Pain Medicine

Below are current clinical trials.

Filter this list of studies by location, status and more.

1. A Study to Evaluate Prevalence of Hypogonadism in Patients with Chronic Pain

   Jacksonville, Fla.

   The purpose of this study is to evaluate the hormonal profile related to opioid-induced hypogonadism (OIH) in chronic pain patients before and after completing 3 weeks Interdisciplinary Pain Rehabilitation Program (IPRP) at Pain Rehabilitation Center (PRC) at Mayo Clinic/Florida.

2. A Study of Quality of Life and Pain Control Before and After Endovascular Renal Denervation in Individuals with Refractory Kidney Pain

   Rochester, Minn.

   The purpose of this study is to examine patient reported outcomes including pain, quality of life, depression and impact on kidney blood flow before and after procedure to destroy the pain sensory nerves of the kidneys in patients with untreatable one or two sided kidney pain.

3. A Study to Evaluate Performance Outcomes Following Interventional Treatment of Axial Low Back Pain

   Jacksonville, Fla.

   The purpose of this study is to determine if intra-articular lumbar facet and sacroiliac joint injections, or lumbar radiofrequency ablation (RFA) are effective in improving 1) patient-reported measures of pain, function and quality of life; 2) capacity; and 3) performance as measured by change in activity counts.  Secondarily, the value of measuring capacity and performance following diagnostic medial branch blocks as a predictor of successful outcomes after lumbar RFA will be explored. 

4. A Study to Evaluate Droperidol Use in the Emergency Department and the Effect on QTc

   Rochester, Minn.

   The purpose of this study is to study the length of the QTc interval in patients receiving the standard of care dose of intravenous droperidol for headache or migraine, nausea, pain, and indications other than agitation over 30 minutes.

5. Exparel Injection for Postoperative Orbital Pain

   Rochester, Minn.

   After surgery to remove the eye, either by enucleation or evisceration, patients have variable levels of pain for several postoperative days.

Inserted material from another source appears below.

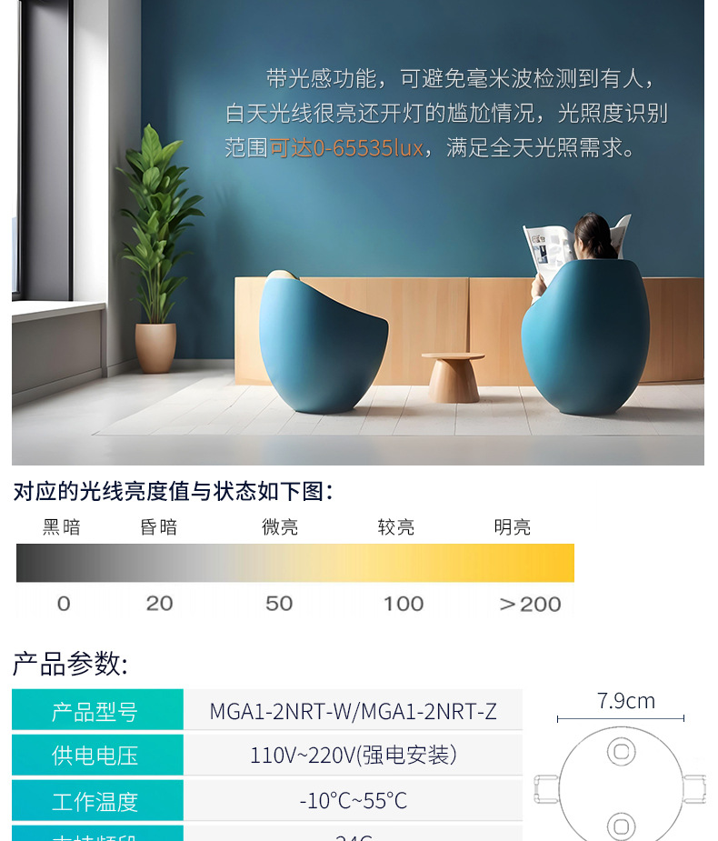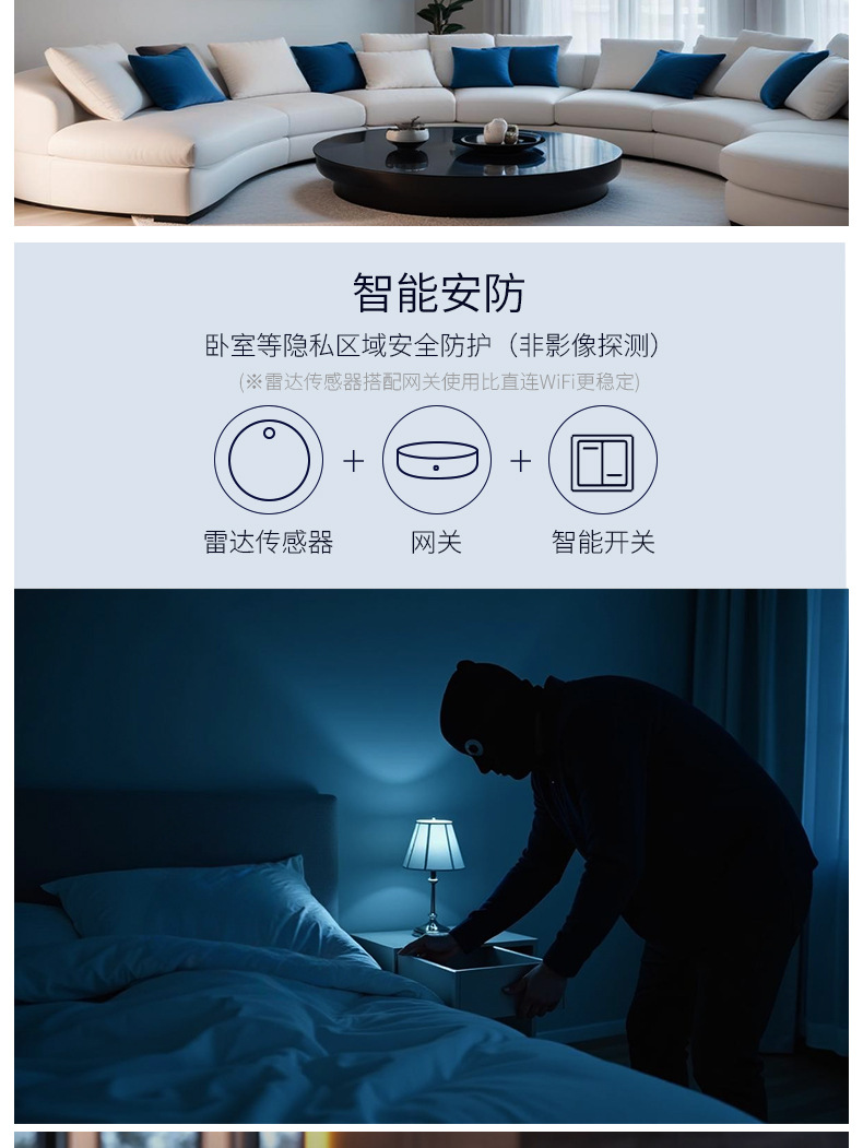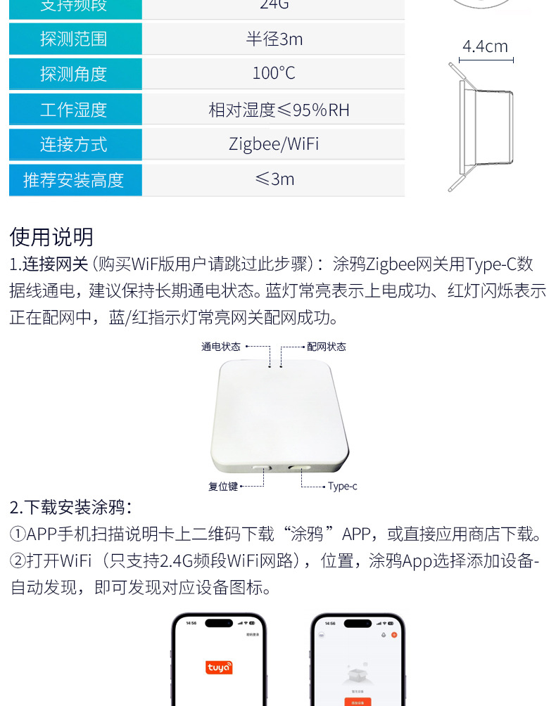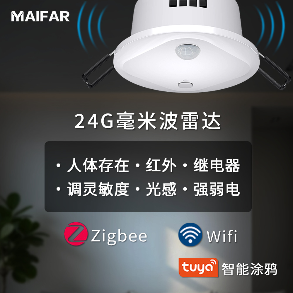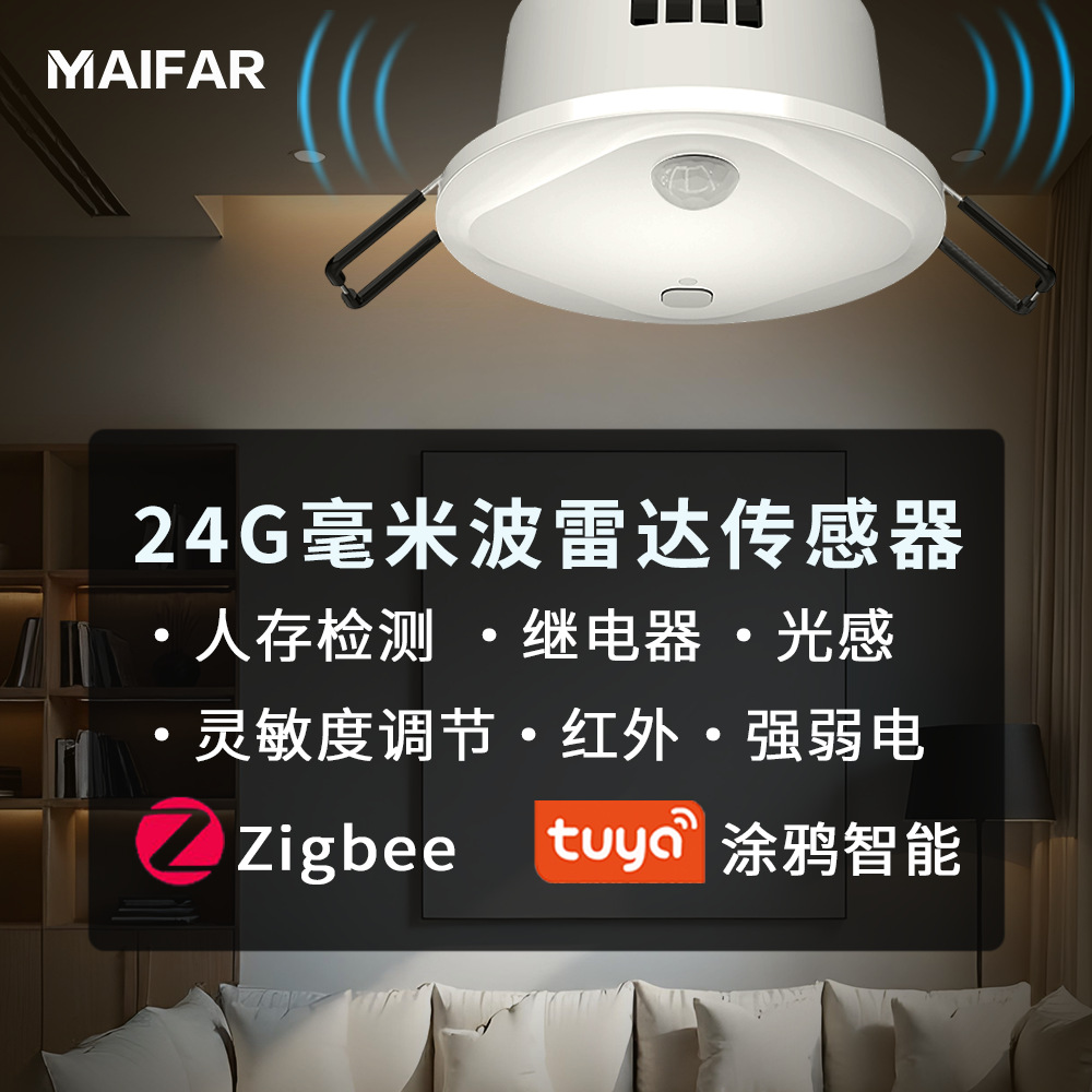 涂鸦人体传感器吸顶毫米波雷达微波存在感应器智能家居人在传感器

Some patients have almost no discomfort while others require significant amounts of oral narcotics and report pain of 10 out of 10 on a numerical rating scale. The current operative standard is to infiltrate the eye socket with 0.5% bupivacaine during surgery leading to several hours of postoperative analgesia. In 2011, Pacira Pharmaceuticals released a bupivacaine liposomal injectable suspension (Exparel, 1.3%) which offers sustained release of bupivacaine giving postoperative pain control for up to 72 hours. This medication has been used in numerous surgeries including inguinal hernia repair, hemorrhoidectomy, bunionectomy, breast reconstruction, and orthopedic surgery, and the literature reports improved pain control, decreased use of oral opioids, and increased patient satisfaction. There are no reports of the use of Exparel in the ophthalmic literature. The investigators propose a randomized, controlled trial to compare the postoperative pain control offered by sustained release bupivacaine to that offered by standard plain bupivacaine after enucleation or evisceration.

6. A Study to Analyze the Effects of Buprenorphine on Hyperalgesia in Patients with Opioid Use Disorder

   Rochester, Minn.

   The purpose of this study is to investigate the effects of buprenorphine on hyperalgesia (HP) perception in adults undergoing treatment for opioid use disorder (OUD).

7. Magnetic Resonance Elastography of Myofascial Pain Syndrome

   Rochester, Minn.

   The purpose of this study is to develop MRE-based imaging biomarkers to measur the mechanical properties of the myofascial interface and determine if there are changes in these parameters in MPS patients and if these parameters can be used to monitor treatment responses and predict patient outcomes.

    

    

8. Resting State Connectivity in Adolescents with Postural Orthostatic Tachycardia Syndrome and Chronic Pain

   Rochester, Minn.

   The purposes of this study are to compare the functional connectivity in adolescent patients with Postural Orthostatic Tachycardia Syndrome (POTS) both with and without chronic pain, to those with chronic pain alone, to that of healthy controls; to evaluate whether there is a change in functional connectivity following participation in an intensive rehabilitation-oriented program previously demonstrated to have excellent outcomes with regard to functional recovery and symptom control; and to correlate outcomes using standardized symptom and function rating scales to imaging findings.

9. A Study to Assess Study Design and Potential Willingness to Participate in a Future Study of Opioid Tapering

   Eau Claire, Wis., Rochester, Minn.

   The purpose of this study is to administer a survey to elicit interest in participating in a future proposed trial involving a very slow tapering of opioid medications (approximately 10% dose reduction every month) for up to 12 months.

10. A Study of Serum Baclofen Levels in Patients with Intrathecal Baclofen Therapy

    Rochester, Minn.

    The purpose of this study is to determine serum levels of baclofen in patients with spasticity managed with long-term intrathecal baclofen therapy.